Many years ago, Bill Janklow, then governor of South Dakota, launched an effort aiming at getting abandoned farmsteads cleaned up. As part of the process, there was a focus on proper well abandonment. That is where we come in. Quite often, that involves digging out legs, removing windmills, towers and piping, and sealing the well properly. Inasmuch as my wife, Joan, had a good relationship with several farm management companies, we did many of these projects. In the process, we were allowed to look over abandoned sites and take what we wanted, as the remains were to be pushed into a hole, burned and buried.
Two potato cutters (as well as several other interesting pieces now in our museum) came out of groves during that time. The wooden one was recently given to us. I cleaned up the duckbill-type cutter, preferring to leave the other as found and merely get it functional.
The green unit has an adjustable stop on the end of the cutting section, allowing the user to make large pieces on the stem end (there are typically fewer eyes on the stem end, so bigger pieces were needed). Also, depending on the variety – for instance, long and narrow, or short and fat – the cutter could be set accordingly.
Beneath the cutting section, a tine grate carried seed pieces to the bag. A vibrating action would sort out chips, which would not plant anyway. The blades on that and the rotary cutter are basically made from sharpened strapping band. Today, OSHA would most likely build a fence around a rotary cutter and not let anyone near it! One can easily imagine, years ago, a machine like this being fed by a small child, not knowing it could easily maim or kill him.
The unit has an 18:1 reduction on the machine already, plus, the speed needs to be reduced further ahead of that reduction to get down to a few rpm/minute, allowing adequate time to set the spuds on the cup in a relatively small window of opportunity, as it were. All in all, it was not an especially user-friendly device!
The wooden unit is a model of simplicity itself. The blades are built like small cradles, centering the potato. The user would then push down, and cut pieces magically appear below. The only injury possible to the operator here would be self-induced. Hence, for the home gardener, this is faster than a paring knife.
As a family, we raised potatoes for about 100 years, getting out of the business in 1972, when the grocery chain we’d sold to folded. We raised about 50,000 bushels a year, processing them for the fresh market, hauling two semi loads a week in season to Sioux City, Iowa. We had several styles of mechanical cutters, one designed by my dad and me (which “read” the potato’s length and pushed it off into the correct cutting area), as well as several conventional foot-operated Hoovers, which were sold by Deere & Co. We had to cut a lot of spuds for seed.

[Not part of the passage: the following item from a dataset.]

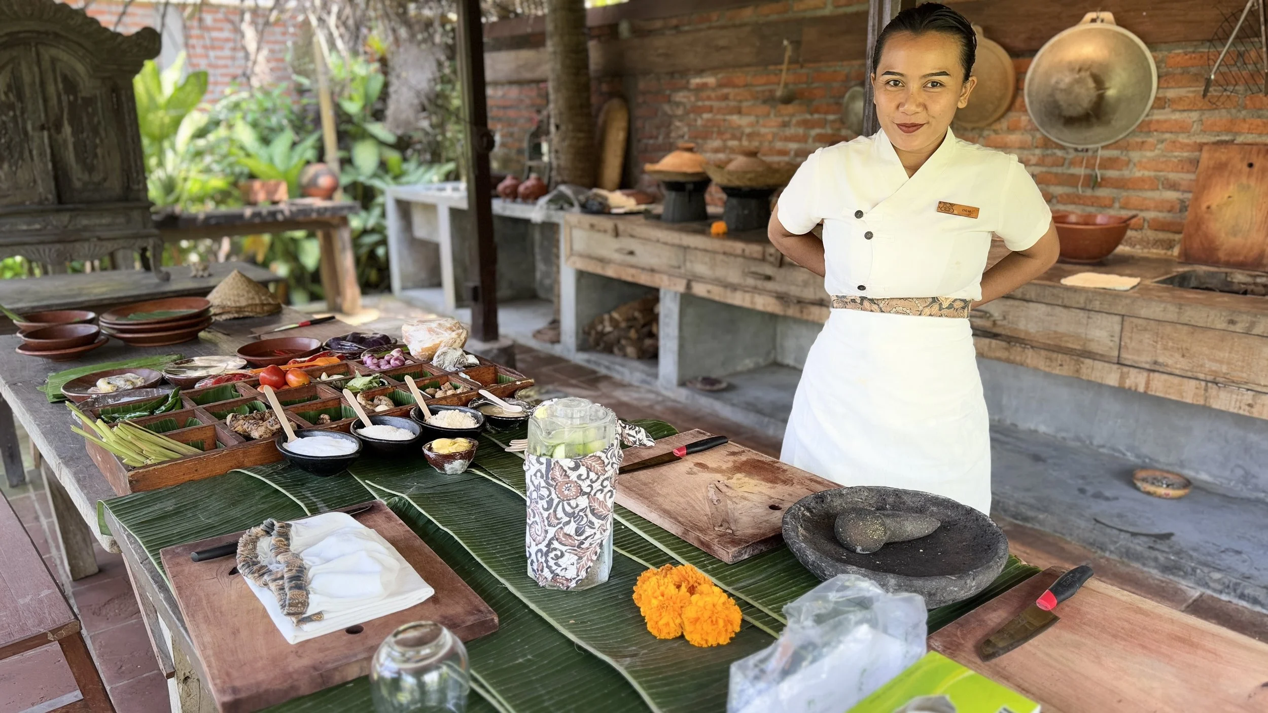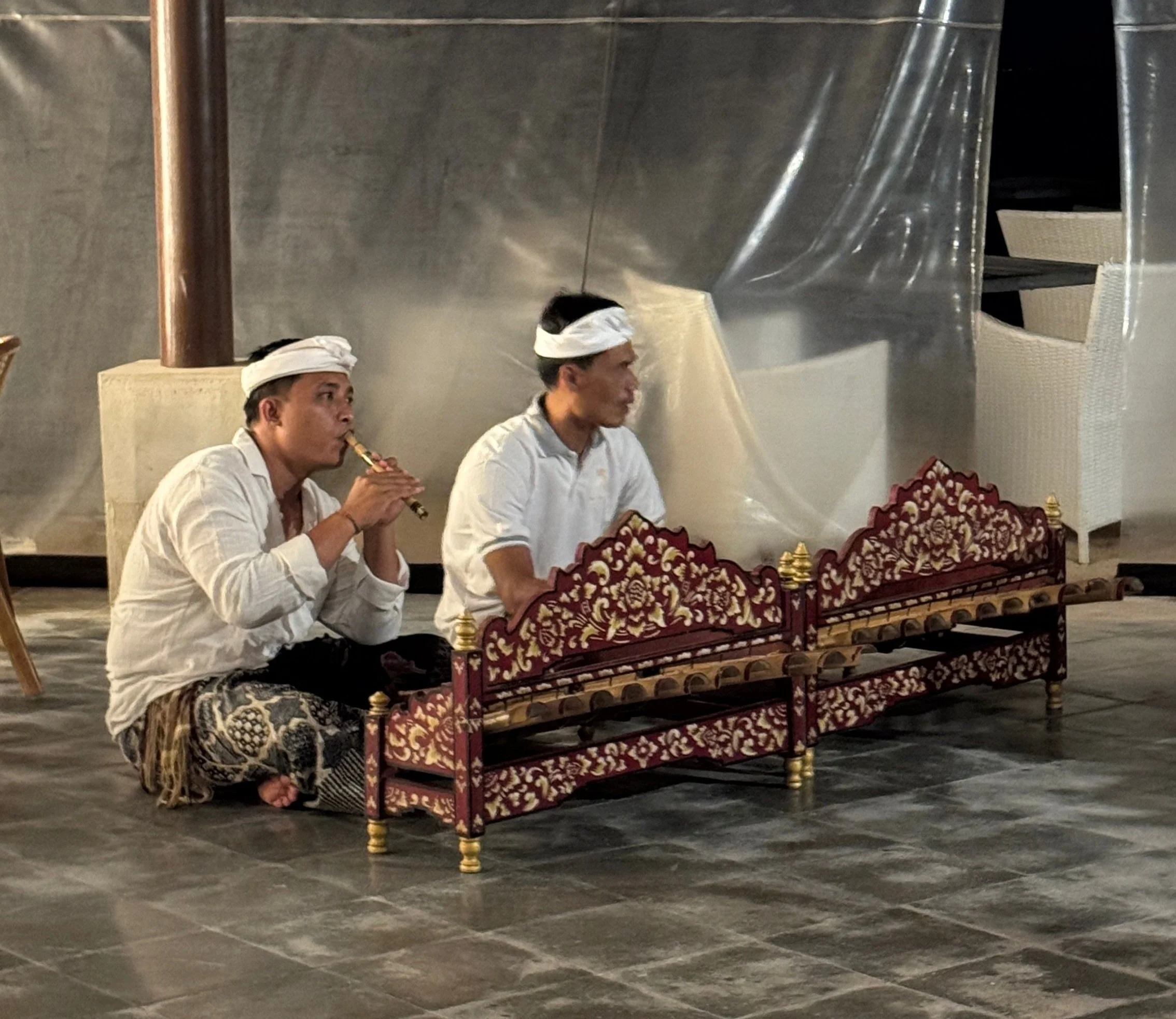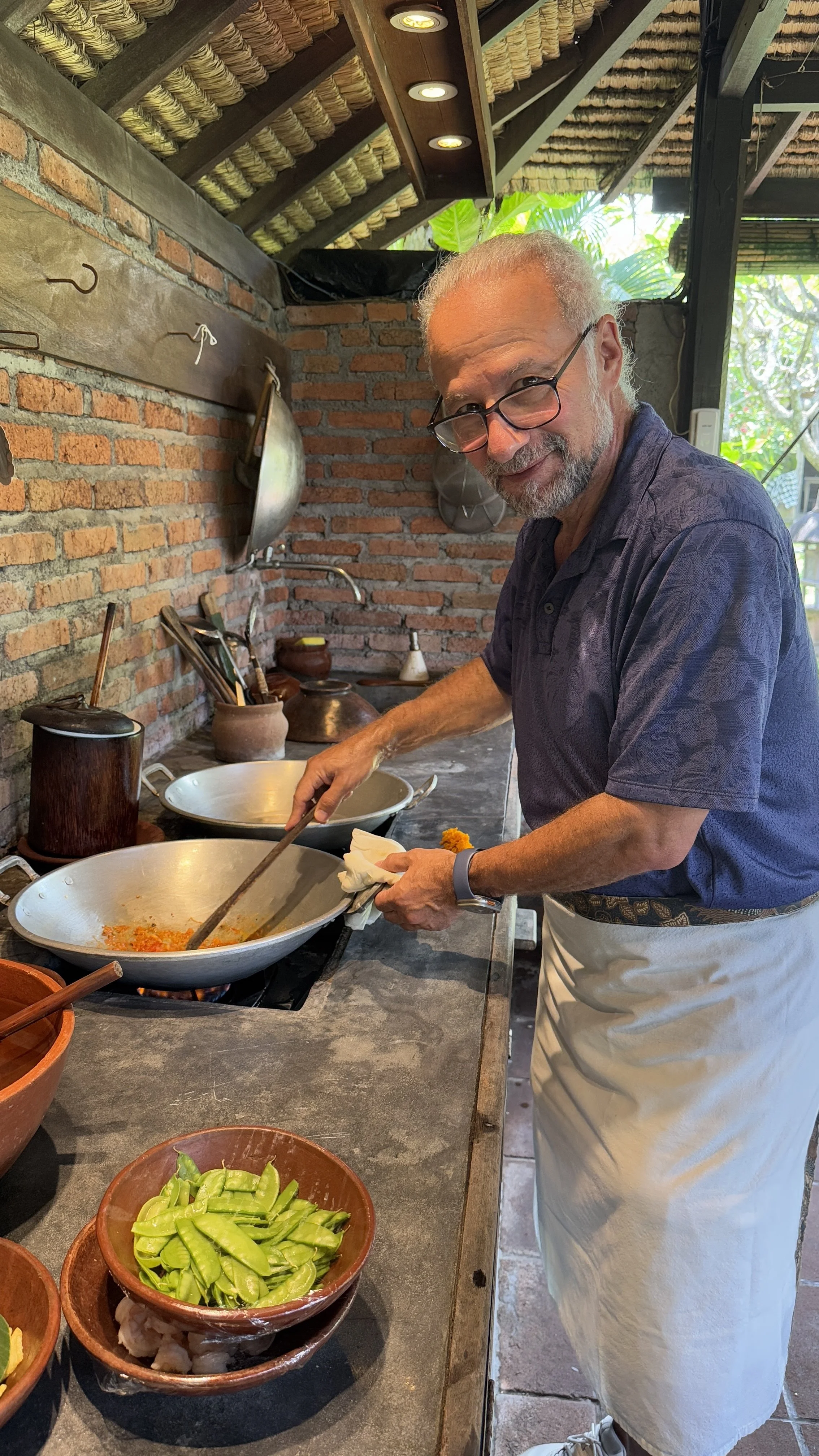 Indonesian dishes start (like Indian dishes) with the spices and other aromatics first cooked in hot oil and then following a sequence when to add other ingredients. We so enjoyed our time cooking as well as exploring the whole property, so we returned the following evening for a dinner with a performance of several Balinese dances and musicians.

Paring knives were the tool of choice as well. Ours were worked down on a grinder until the blades were very thin and sharp. When growing seedstock, you would open a trench with the planter (leaving the covering discs off), and then, with a bag of potatoes and paring knife, you’d cut up individual potatoes, starting at the stem end. You’d drop pieces from each one in the trench, leave a space and cut another, leaving a space, until the crop was planted. This was called a tuber unit, so when checking the field for diseased plants, if one plant in the unit was bad, you pulled all of the plants from that potato. The idea was to get the seedstock as clean as you could. All in all, potatoes are still a lot of work to raise. So it goes. FC
Jim and Joan Lacey operate Little Village Farm, a museum of farm collectibles housed in 10 buildings at their home near Dell Rapids, S.D. Contact them at (605) 428-5979.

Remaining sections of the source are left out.